Compute diffs between text strings — diff

The following functions are used to construct or work with diff(s) between text strings. Specifically, diff_make() computes the character level differences between the source string (x) and destination string (y). These diffs can be made more human friendly via a secondary cleaning process via the cleanup argument.

Once computed, diffs are represented using diff_df data frames, which consist of just two columns: text and op. Basic convenience functions for pretty printing of these are provided by the package.

The following helper functions are provided:

print() - prints a diff using ANSI colors if available.
as.character() - converts a diff (using ANSI colors if available) to a character vector.
diff_levenshtein() calculates the Levenshtein distance of a diff.
diff_to_delta() converts a diff to a delta string.
diff_from_delta() creates a diff from a source string (x) and a delta string.
diff_to_html() converts a diff to pretty HTML string.
diff_to_patch() converts a diff to a patch string.
diff_text_source() recovers the source string from a diff.
diff_text_dest() recovers the destination string from a diff.

diff_make(x, y, cleanup = "semantic", checklines = TRUE)

diff_levenshtein(diff)

diff_to_delta(diff)

diff_from_delta(x, delta)

diff_to_html(diff)

diff_to_patch(diff)

diff_text_source(diff)

diff_text_dest(diff)

Arguments

x	The source string
y	The destination string
cleanup	Determines the cleanup method applied to the diffs. Allowed values include: `semantic`, `lossless`, `efficiency`, `merge` and `none`. See Details for the behavior of these methods.
checklines	Performance flag - if `FALSE`, then don't run a line-level diff first to identify the changed areas.
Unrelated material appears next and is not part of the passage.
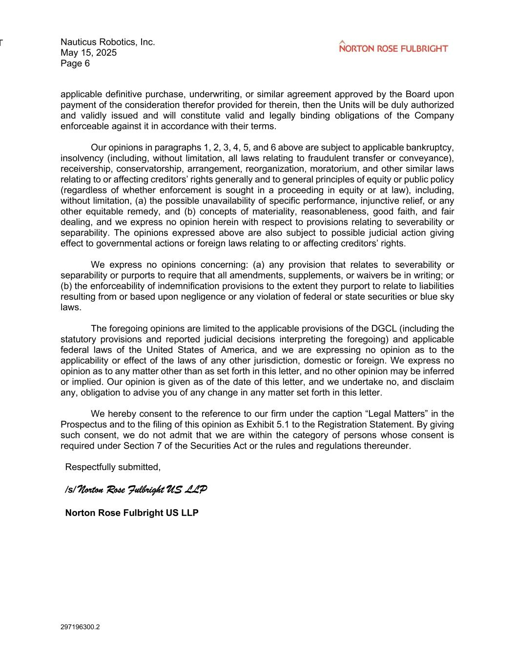 Nauticus Robotics, Inc. May 15, 2025 Page 6 297196300.2 applicable definitive purchase, underwriting, or similar agreement approved by the Board upon payment of the consideration therefor provided for therein, then the Units will be duly authorized and validly issued and will constitute valid and legally binding obligations of the Company enforceable against it in accordance with their terms. Our opinions in paragraphs 1, 2, 3, 4, 5, and 6 above are subject to applicable bankruptcy, insolvency (including, without limitation, all laws relating to fraudulent transfer or conveyance), receivership, conservatorship, arrangement, reorganization, moratorium, and other similar laws relating to or affecting creditors’ rights generally and to general principles of equity or public policy (regardless of whether enforcement is sought in a proceeding in equity or at law), including, without limitation, (a) the possible unavailability of specific performance, injunctive relief, or any other equitable remedy, and (b) concepts of materiality, reasonableness, good faith, and fair dealing, and we express no opinion herein with respect to provisions relating to severability or separability. The opinions expressed above are also subject to possible judicial action giving effect to governmental actions or foreign laws relating to or affecting creditors’ rights. We express no opinions concerning: (a) any provision that relates to severability or separability or purports to require that all amendments, supplements, or waivers be in writing; or (b) the enforceability of indemnification provisions to the extent they purport to relate to liabilities resulting from or based upon negligence or any violation of federal or state securities or blue sky laws. The foregoing opinions are limited to the applicable provisions of the DGCL (including the statutory provisions and reported judicial decisions interpreting the foregoing) and applicable federal laws of the United States of America, and we are expressing no opinion as to the applicability or effect of the laws of any other jurisdiction, domestic or foreign. We express no opinion as to any matter other than as set forth in this letter, and no other opinion may be inferred or implied. Our opinion is given as of the date of this letter, and we undertake no, and disclaim any, obligation to advise you of any change in any matter set forth in this letter. We hereby consent to the reference to our firm under the caption “Legal Matters” in the Prospectus and to the filing of this opinion as Exhibit 5.1 to the Registration Statement. By giving such consent, we do not admit that we are within the category of persons whose consent is required under Section 7 of the Securities Act or the rules and regulations thereunder. Respectfully submitted, /s/ Norton Rose Fulbright US LLP Norton Rose Fulbright US LLP
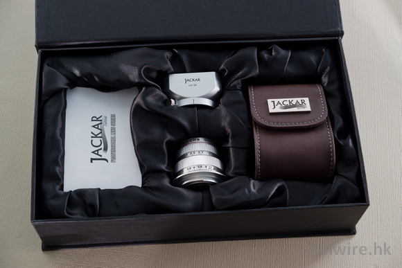 ▲ 包裝盒內附送了 1 個不錯的皮套,可直接將已安裝了遮光罩的 Jackar 34mm f/1.8 鏡頭直接放入,十分方便。

If `TRUE`, run a faster slightly less optimal diff. Default: `TRUE`.
diff	A `diff_df` data frame.
delta	A delta string.

Value

diff_make() returns a diff_df data frame containing the diffs.

diff_make() returns the Levenshtein distance as an integer.

diff_to_delta() returns an character string.

diff_from_delta() returns a diff_df data frame.

diff_to_html() returns a character string.

diff_to_patch() returns a character string.

diff_text_source() returns a character string.

diff_text_dest() returns a character string.

Details

Cleanup methods

semantic - Reduce the number of edits by eliminating semantically trivial equalities.
semantic lossless - Look for single edits surrounded on both sides by equalities which can be shifted sideways to align the edit to a word boundary. e.g: The cat came. -> The **cat **came.
efficiency - Reduce the number of edits by eliminating operationally trivial equalities.
merge - Reorder and merge like edit sections. Merge equalities. Any edit section can move as long as it doesn't cross an equality.
none - Do not apply any cleanup methods to the diffs.

Examples

(d = diff_make("abcdef", "abchij"))
#> abcdefhij

diff_levenshtein(d)
#> [1] 3

diff_to_html(d)
#> [1] "<span>abc</span><del style=\"background:#ffe6e6;\">def</del><ins style=\"background:#e6ffe6;\">hij</ins>"

diff_text_source(d) 
#> [1] "abcdef"

diff_text_dest(d) 
#> [1] "abchij"

diff_to_patch(d)
#> [1] "@@ -1,6 +1,6 @@\n abc\n-def\n+hij\n"

(delta = diff_to_delta(d))
#> [1] "=3\t-3\t+hij"

diff_from_delta("abcdef", delta)
#> abcdefhij